# Raw data:
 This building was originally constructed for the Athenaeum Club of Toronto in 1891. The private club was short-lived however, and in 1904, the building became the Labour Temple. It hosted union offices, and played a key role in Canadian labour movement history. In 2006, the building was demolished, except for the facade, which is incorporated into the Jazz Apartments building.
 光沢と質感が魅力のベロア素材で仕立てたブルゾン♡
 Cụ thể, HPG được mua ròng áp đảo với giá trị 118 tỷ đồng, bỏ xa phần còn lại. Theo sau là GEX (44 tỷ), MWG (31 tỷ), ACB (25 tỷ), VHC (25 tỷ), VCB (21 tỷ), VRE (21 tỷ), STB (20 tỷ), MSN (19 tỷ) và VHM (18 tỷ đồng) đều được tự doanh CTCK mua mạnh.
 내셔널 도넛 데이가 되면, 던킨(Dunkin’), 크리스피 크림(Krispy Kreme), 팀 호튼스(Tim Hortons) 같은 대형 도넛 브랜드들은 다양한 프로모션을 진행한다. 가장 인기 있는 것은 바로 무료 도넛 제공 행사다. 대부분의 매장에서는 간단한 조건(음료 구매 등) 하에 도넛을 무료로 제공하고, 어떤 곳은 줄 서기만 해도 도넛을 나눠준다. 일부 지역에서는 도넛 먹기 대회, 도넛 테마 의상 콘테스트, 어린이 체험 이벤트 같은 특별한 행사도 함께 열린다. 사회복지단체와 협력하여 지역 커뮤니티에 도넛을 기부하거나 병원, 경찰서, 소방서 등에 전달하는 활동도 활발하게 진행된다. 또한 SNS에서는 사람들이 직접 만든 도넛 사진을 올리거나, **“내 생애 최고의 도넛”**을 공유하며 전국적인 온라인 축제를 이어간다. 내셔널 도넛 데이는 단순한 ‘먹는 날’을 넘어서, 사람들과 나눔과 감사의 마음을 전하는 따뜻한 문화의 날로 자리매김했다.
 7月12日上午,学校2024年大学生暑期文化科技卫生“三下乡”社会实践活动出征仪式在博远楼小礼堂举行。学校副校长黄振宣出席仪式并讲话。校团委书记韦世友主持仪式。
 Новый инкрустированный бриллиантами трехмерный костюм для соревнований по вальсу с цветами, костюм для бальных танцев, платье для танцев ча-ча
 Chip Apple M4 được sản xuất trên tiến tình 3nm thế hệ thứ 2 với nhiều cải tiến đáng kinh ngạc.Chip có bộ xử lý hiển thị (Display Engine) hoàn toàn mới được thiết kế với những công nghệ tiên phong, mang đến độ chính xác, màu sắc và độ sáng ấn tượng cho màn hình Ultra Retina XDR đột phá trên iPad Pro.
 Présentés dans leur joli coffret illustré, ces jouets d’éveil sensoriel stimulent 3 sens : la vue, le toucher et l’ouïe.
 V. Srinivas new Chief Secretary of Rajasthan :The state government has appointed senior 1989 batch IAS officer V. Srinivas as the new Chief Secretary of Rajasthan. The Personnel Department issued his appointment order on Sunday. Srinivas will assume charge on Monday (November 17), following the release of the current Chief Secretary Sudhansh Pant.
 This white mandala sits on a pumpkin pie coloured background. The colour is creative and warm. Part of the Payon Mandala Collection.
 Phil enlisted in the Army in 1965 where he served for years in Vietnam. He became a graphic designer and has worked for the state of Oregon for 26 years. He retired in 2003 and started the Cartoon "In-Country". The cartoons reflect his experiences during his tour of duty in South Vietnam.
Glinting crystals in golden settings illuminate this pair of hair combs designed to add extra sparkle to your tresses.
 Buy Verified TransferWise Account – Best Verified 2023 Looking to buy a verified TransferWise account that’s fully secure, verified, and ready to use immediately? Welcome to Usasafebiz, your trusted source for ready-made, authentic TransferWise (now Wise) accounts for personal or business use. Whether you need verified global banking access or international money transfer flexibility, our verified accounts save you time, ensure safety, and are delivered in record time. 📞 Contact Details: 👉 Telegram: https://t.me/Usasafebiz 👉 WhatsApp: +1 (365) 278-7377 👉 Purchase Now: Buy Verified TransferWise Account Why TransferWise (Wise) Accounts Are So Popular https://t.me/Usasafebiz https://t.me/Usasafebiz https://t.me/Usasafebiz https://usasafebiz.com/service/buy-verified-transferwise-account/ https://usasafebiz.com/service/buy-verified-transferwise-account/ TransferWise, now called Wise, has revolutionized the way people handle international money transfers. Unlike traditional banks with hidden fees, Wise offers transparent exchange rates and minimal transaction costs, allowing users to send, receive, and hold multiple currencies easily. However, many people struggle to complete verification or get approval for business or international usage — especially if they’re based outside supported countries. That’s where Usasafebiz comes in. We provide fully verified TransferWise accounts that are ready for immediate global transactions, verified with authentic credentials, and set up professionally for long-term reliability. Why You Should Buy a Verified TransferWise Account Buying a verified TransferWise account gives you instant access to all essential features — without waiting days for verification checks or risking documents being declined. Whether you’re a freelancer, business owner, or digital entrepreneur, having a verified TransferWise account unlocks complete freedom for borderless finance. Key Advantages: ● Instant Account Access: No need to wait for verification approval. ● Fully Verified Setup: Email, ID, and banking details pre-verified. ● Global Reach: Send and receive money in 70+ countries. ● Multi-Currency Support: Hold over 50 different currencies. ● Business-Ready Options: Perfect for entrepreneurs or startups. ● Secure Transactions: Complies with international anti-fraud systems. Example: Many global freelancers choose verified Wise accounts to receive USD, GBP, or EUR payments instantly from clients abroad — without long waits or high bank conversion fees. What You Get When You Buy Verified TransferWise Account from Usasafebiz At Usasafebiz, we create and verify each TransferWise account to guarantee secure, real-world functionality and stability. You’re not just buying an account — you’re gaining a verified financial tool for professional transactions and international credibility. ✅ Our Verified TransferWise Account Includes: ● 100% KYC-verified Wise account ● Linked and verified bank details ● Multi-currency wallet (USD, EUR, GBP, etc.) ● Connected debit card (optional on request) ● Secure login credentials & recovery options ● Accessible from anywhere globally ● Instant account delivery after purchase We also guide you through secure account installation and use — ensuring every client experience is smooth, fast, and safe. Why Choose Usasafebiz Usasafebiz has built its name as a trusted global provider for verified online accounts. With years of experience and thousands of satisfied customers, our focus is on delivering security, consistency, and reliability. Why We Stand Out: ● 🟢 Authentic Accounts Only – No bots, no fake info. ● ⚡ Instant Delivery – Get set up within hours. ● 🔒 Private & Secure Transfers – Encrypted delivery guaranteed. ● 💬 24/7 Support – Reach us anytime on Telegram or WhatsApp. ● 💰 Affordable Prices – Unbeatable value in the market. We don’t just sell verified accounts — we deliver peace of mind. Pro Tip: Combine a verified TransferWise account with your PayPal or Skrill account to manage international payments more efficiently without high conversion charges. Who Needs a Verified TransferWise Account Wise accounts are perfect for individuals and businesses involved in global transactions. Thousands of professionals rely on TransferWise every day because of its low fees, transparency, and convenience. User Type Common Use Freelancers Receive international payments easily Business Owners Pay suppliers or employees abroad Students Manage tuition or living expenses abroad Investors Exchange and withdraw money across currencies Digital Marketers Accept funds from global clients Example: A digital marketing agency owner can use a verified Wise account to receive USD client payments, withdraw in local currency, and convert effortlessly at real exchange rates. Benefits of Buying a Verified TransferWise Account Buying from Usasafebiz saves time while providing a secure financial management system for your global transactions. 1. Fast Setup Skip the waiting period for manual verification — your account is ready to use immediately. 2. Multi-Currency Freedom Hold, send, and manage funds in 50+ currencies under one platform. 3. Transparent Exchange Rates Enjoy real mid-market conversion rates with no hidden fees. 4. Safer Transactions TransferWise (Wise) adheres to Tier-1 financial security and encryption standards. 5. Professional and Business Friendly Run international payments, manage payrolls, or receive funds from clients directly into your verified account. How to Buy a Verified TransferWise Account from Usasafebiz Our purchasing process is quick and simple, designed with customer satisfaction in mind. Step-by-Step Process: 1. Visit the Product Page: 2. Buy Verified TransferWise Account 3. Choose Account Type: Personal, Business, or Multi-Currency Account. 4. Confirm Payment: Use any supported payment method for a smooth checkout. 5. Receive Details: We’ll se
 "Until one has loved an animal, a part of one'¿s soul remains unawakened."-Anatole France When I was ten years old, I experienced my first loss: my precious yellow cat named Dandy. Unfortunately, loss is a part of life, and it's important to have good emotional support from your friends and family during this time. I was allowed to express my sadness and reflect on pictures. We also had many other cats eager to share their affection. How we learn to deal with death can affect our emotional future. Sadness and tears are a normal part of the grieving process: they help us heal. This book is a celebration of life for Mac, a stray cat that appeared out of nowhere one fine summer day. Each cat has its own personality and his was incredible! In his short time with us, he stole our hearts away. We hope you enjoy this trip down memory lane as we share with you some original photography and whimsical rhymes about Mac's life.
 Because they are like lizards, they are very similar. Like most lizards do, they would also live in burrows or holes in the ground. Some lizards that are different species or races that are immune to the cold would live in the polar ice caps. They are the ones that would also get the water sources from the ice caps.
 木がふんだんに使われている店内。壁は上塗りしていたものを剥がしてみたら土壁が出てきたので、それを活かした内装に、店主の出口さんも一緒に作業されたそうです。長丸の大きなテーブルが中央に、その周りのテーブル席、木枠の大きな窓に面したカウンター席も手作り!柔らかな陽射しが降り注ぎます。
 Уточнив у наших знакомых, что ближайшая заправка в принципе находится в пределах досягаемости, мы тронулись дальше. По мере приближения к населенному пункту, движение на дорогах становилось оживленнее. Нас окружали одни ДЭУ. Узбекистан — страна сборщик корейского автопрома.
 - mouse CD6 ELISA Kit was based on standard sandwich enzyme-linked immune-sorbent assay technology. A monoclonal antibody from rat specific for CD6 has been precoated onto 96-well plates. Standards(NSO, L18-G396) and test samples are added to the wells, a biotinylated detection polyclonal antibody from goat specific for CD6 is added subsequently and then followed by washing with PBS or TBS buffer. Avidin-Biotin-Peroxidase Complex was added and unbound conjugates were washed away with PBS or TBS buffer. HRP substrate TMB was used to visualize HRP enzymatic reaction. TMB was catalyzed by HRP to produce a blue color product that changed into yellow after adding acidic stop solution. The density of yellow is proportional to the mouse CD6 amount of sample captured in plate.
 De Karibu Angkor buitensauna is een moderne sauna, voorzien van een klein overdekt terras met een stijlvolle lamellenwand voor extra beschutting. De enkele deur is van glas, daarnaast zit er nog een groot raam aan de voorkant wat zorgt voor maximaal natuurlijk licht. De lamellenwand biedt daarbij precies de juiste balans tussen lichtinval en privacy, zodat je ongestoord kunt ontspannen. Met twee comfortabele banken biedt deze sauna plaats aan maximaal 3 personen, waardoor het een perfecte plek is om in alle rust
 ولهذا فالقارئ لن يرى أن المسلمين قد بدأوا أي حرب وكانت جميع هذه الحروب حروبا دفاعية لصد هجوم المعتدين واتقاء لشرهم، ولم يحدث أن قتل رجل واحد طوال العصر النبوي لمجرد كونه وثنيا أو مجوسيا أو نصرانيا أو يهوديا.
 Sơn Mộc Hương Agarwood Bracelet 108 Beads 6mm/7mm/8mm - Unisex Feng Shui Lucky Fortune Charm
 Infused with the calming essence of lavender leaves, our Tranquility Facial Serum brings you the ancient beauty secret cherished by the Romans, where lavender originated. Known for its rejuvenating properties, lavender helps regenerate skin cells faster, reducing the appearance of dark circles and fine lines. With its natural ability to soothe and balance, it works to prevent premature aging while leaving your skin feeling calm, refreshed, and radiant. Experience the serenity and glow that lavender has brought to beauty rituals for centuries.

# Problem statement:
The entries above hold a line with "Présentés dans leur" and a later line with "Glinting crystals in". Write out exactly those lines and all lines between, nothing more.

# Response to the exercise:
 Présentés dans leur joli coffret illustré, ces jouets d’éveil sensoriel stimulent 3 sens : la vue, le toucher et l’ouïe.
 V. Srinivas new Chief Secretary of Rajasthan :The state government has appointed senior 1989 batch IAS officer V. Srinivas as the new Chief Secretary of Rajasthan. The Personnel Department issued his appointment order on Sunday. Srinivas will assume charge on Monday (November 17), following the release of the current Chief Secretary Sudhansh Pant.
 This white mandala sits on a pumpkin pie coloured background. The colour is creative and warm. Part of the Payon Mandala Collection.
 Phil enlisted in the Army in 1965 where he served for years in Vietnam. He became a graphic designer and has worked for the state of Oregon for 26 years. He retired in 2003 and started the Cartoon "In-Country". The cartoons reflect his experiences during his tour of duty in South Vietnam.
Glinting crystals in golden settings illuminate this pair of hair combs designed to add extra sparkle to your tresses.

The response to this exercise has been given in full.